Confused Caller: Hi, my TV doesn't work anymore.
FCC: Were you aware of the switch to digital broadcasting that was happening today?
Confused Caller: What?
FCC: If you don't have digital cable or a converter box for your analog signal, you won't be able to watch television, sir.
Confused Caller: My TV doesn't have a picture, right.
FCC: Sir, you're going to need a converter box. Sir, do you have a relative who might be able to help you with making the switch to a digital signal?
Confused Caller: What?

via Gizmodo: This sentence pretty much sums it up:

"...an independent study conducted by Forrester Research found that iPhone owners are better educated, younger, more affluent, and even more productive than their non-iPhone-using counterparts."

via ESPN: While the players involved make this fairly boring to me, it's good to finally see some juice between "rival" teams. There's too much fanny-patting in pro sports today. Too many smiles, too many shrugs, too many players who, understandably so, don't get "their uniforms dirty" as the baseball adage goes. Free Agency killed the grudge in pro sports, so I guess I'll take what I can get, even if it involves a Frankie "One-Inning Wonder" Rodriguez and Brian "Who?" Bruney.

via Lifehacker: The good folks at the best site for "hacking life" provide us with the goods again--The 10 best how-to cooking videos on the net. I like to think I'm fairly competent at nine of the ten skills shown, and still I learned some new tricks while watching.

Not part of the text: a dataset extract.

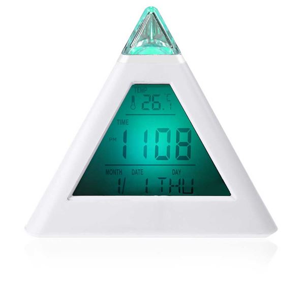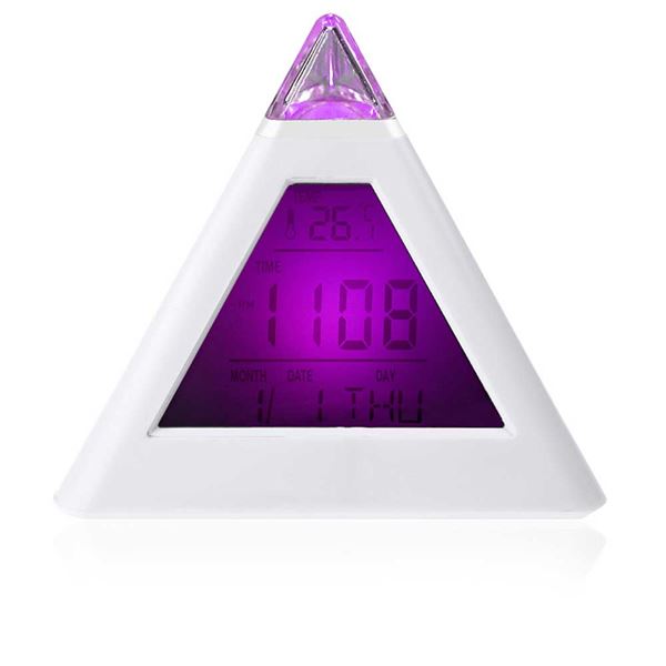 7 LED Color Changing Pyramid Digital LCD Triangle Clock

via The Boy Genius Report: As I alluded to earlier, and as The BGR is reporting, if you didn't pre-order your iPhone 3G S by Saturday (yesterday), the only way you're going to get it is by waiting on line at an Apple/AT&T store. And again, I can confirm this, as the lady in AT&T told Danielle and I when she heard we came spur of the moment on Friday night instead of waiting for Saturday morning, "Oh, you guys are lucky then, because today is the cut-off for people who want them delivered on the 19th."

via MacRumors: New 15" MacBook Pro will get over 8 hours of battery life. 'Nuff said.

via Michael Ruhlman: This is the most original Internet contest I've seen in a while--make a BLT From Scratch. That means grow the lettuce, grow the tomato, bake the bread, cure the bacon, make the mayo. I've put some thought into this and I don't think there is another "dish" you could do this with. Leave it to a pork slut like Ruhlman to think of it.

*

As I mentioned earlier, I'll be at Bennington this upcoming weekend to celebrate the memory of a lost friend and the new graduates, so there won't be a Sunday Review.

I took this photo the other night as I sat working on a new chapter of Whitney:



I've since finished the chapter, titled "Papers," which I think is one of my best so far, and I guess I have the cat to thank.

With the Yanks up by two touchdowns, I think I'll go enjoy the rest of this Sunday, or at least part of it, on my bike.

Hope you find something equally as enjoyable.